WHAT IS NEEDED
Take the lines of the data below from the very first through the line containing "Nach der Installation" and output them exactly, pictures excluded.

DATA BLOCK
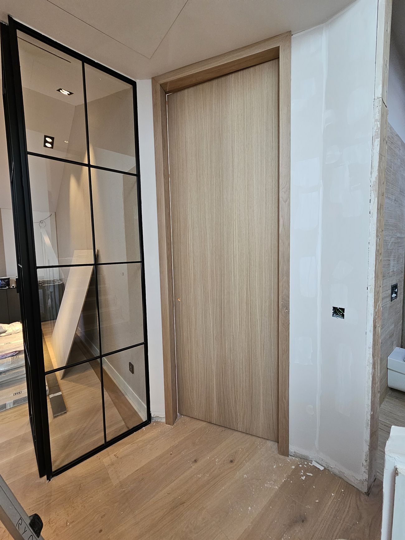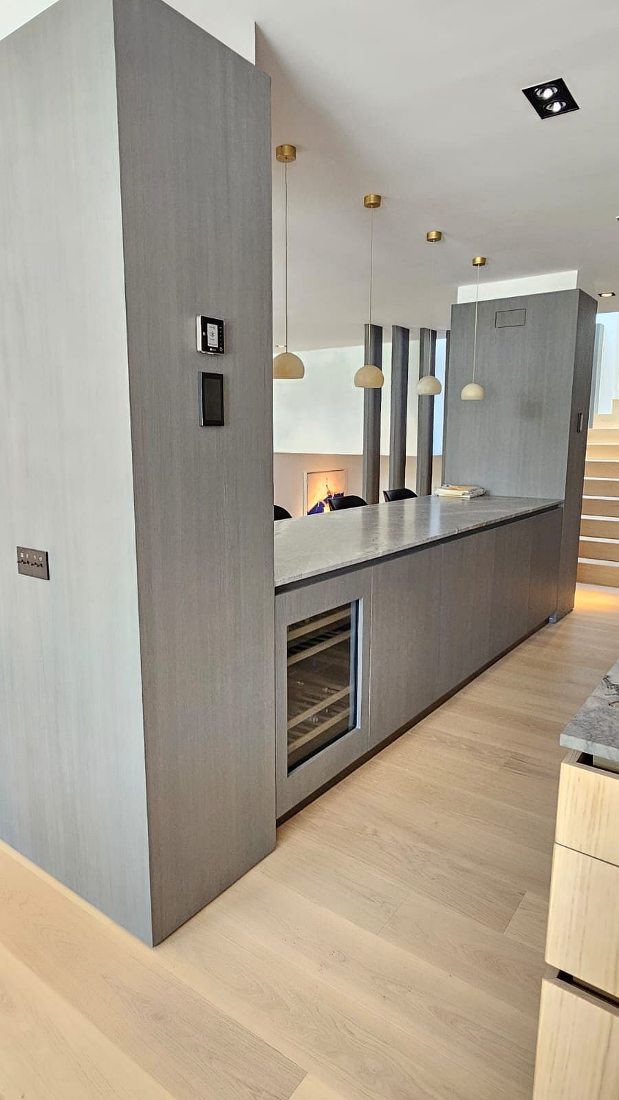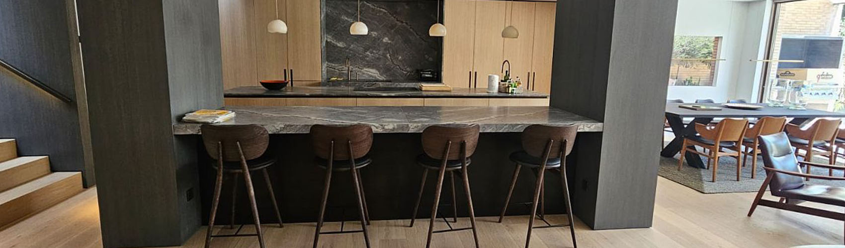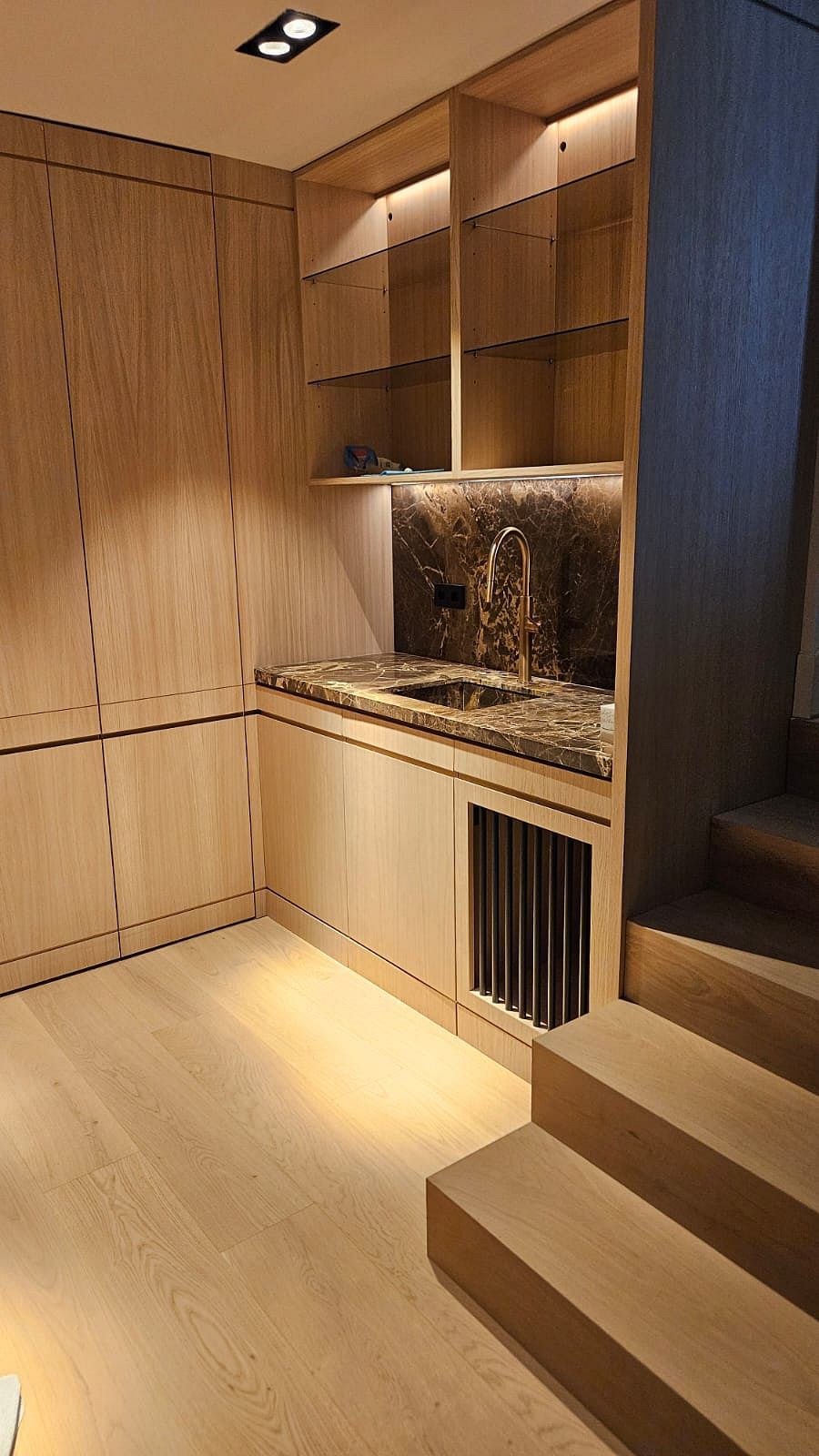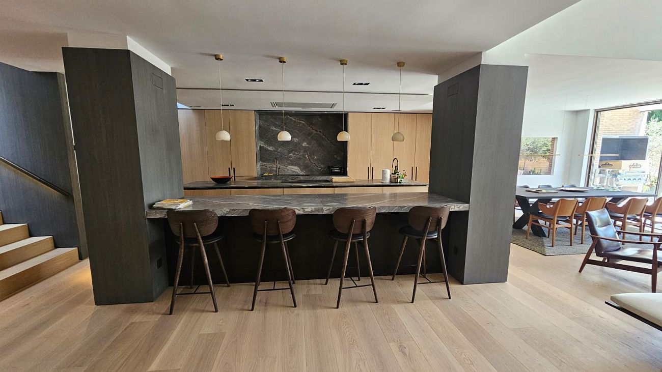 Desde el primer momento, la carpintería a medida fue clave para lograr la personalidad única de esta vivienda. Se trabajó con madera de roble rechapada, seleccionada cuidadosamente en
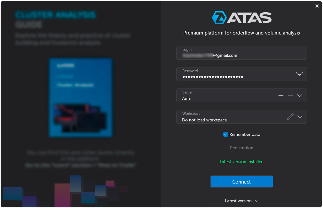 Nach der Installation öffnen Sie ATAS und geben Sie den Benutzernamen und das Passwort ein, die Sie nach der Registrierung per E-Mail erhalten haben. Damit Sie Ihre Daten nicht jedes Mal neu eingeben müssen, können Sie das Kontrollkästchen „Daten speichern“ aktivieren.
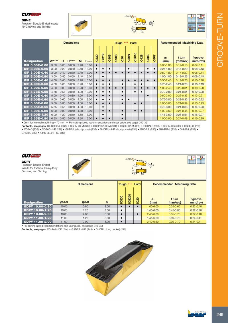 ±0.025 GIP-E 7° Precision Double-Ended Inserts 15.3 Ref. 5 for Grooving and Turning W R M Dimensions Tough 1 Hard Recommended Machining Data a p f turn f groove Designation W ±0.02 R R ±toler M T max-r IC830 IC8250 IC808 IC908 IC20 IC20N IC5010 IC428 IC806 IC807 (mm) (mm/rev) (mm/rev) GIP 3.00E-0.00 3.00 0.00 0.030 2.40 13.00 • 0.00-1.80 0.12-0.16 0.07-0.11 GROOVE-TURN GIP 3.00E-0.20 3.00 0.20 0.030 2.40 13.00 • • • • • • 0.25-1.80 0.15-0.20 0.08-0.13 GIP 3.00E-0.40 3.00 0.40 0.030 2.40 13.00 • • • • • • • • • • 0.50-1.80 0.17-0.22 0.08-0.14 GIP 3.00E-0.80 3.00 0.80 0.050 2.40 13.00 • 1.00-1.80 0.19-0.26 0.08-0.15 GIP 4.00E-0.40 4.00 0.40 0.030 3.20 13.00 • • • • • • • • • 0.50-2.40 0.19-0.26 0.10-0.18 GIP 4.00E-0.60 4.00 0.60 0.050 3.20 13.00 • • • • • • 0.75-2.40 0.21-0.28 0.10-0.19 GIP 4.00E-0.80 4.00 0.80 0.050 3.20 13.00 • • • • • • • • • 1.00-2.40 0.22-0.31 0.10-0.20 GIP 4.78E-0.55 4.78 0.55 0.050 4.00 13.00 • • • • • • 0.70-2.80 0.21-0.31 0.12-0.20 GIP 5.00E-0.40 5.00 0.40 0.030 4.00 13.00 • • • • • 0.50-3.00 0.22-0.33 0.13-0.21 GIP 5.00E-0.60 5.00 0.60 0.050 4.00 13.00 • • • • • 0.75-3.00 0.23-0.35 0.13-0.22 GIP 5.00E-0.80 5.00 0.80 0.050 4.00 13.00 • • • • • • 1.00-3.00 0.24-0.39 0.13-0.23 GIP 5.55E-0.55 5.55 0.55 0.050 4.80 13.00 • 0.70-3.30 0.21-0.36 0.14-0.23 GIP 6.00E-0.80 6.00 0.80 0.050 4.80 13.00 • • • • • 1.00-3.60 0.26-0.46 0.15-0.27 GIP 6.00E-1.20 6.00 1.20 0.050 4.80 13.00 • • 1.45-3.60 0.26-0.51 0.15-0.27 GIP 6.35E-0.80 6.35 0.80 0.050 4.80 13.00 • • • • 1.00-3.80 0.27-0.49 0.16-0.29 • Dmin for internal machining = 70 mm • For cutting speed recommendations and user guide, see pages 340-351 For tools, see pages: C#-GHDR/L (233) • CGHN 26-M (302) • CGHN 32-DGM (304) • CGHN 32-M (303) • CGHN-D (239) • CGHN-DG (239) • CGHN-S (239) • CGPAD (238) • CGPAD-JHP (238) • GHDR/L (short pocket) (233) • GHDR/L-JHP (short pocket) (234) • GHGR/L (235) • GHMPR/L (232) • GHMR/L (232) • GHSR/L (312) • GHSR/L-JHP-SL (313) ±0.025 30 Ref. GDPY Precision Double-Ended 7° 6.4 Inserts for External Heavy-Duty Grooving and Turning W R M Dimensions Tough 1 Hard Recommended Machining Data a p f turn f groove Designation W ±0.02 R ±0.05 M IC830 IC8250 IC20 (mm) (mm/rev) (mm/rev) GDPY 10.00-0.80 10.00 0.80 8.00 • • • 1.00-6.00 0.35-0.65 0.22-0.40 GDPY 10.00-1.20 10.00 1.20 8.00 • 1.45-6.00 0.45-0.80 0.22-0.40 GDPY 10.00-2.00 10.00 2.00 8.00 • • 2.40-6.00 0.35-0.78 0.22-0.40 GDPY 11.00-1.20 11.00 1.20 8.00 • 1.45-6.60 0.39-0.73 0.24-0.41 GDPY 11.00-2.00 11.00 2.00 8.00 • 2.40-6.60 0.39-0.79 0.24-0.41 • For cutting speed recommendations and user guide, see pages 340-351 For tools, see pages: CGHN-8-10D (244) • GADR/L-JHP (243) • GHDR/L (long pocket) (240) 249

ANSWER SECTION
 Desde el primer momento, la carpintería a medida fue clave para lograr la personalidad única de esta vivienda. Se trabajó con madera de roble rechapada, seleccionada cuidadosamente en
 Nach der Installation öffnen Sie ATAS und geben Sie den Benutzernamen und das Passwort ein, die Sie nach der Registrierung per E-Mail erhalten haben. Damit Sie Ihre Daten nicht jedes Mal neu eingeben müssen, können Sie das Kontrollkästchen „Daten speichern“ aktivieren.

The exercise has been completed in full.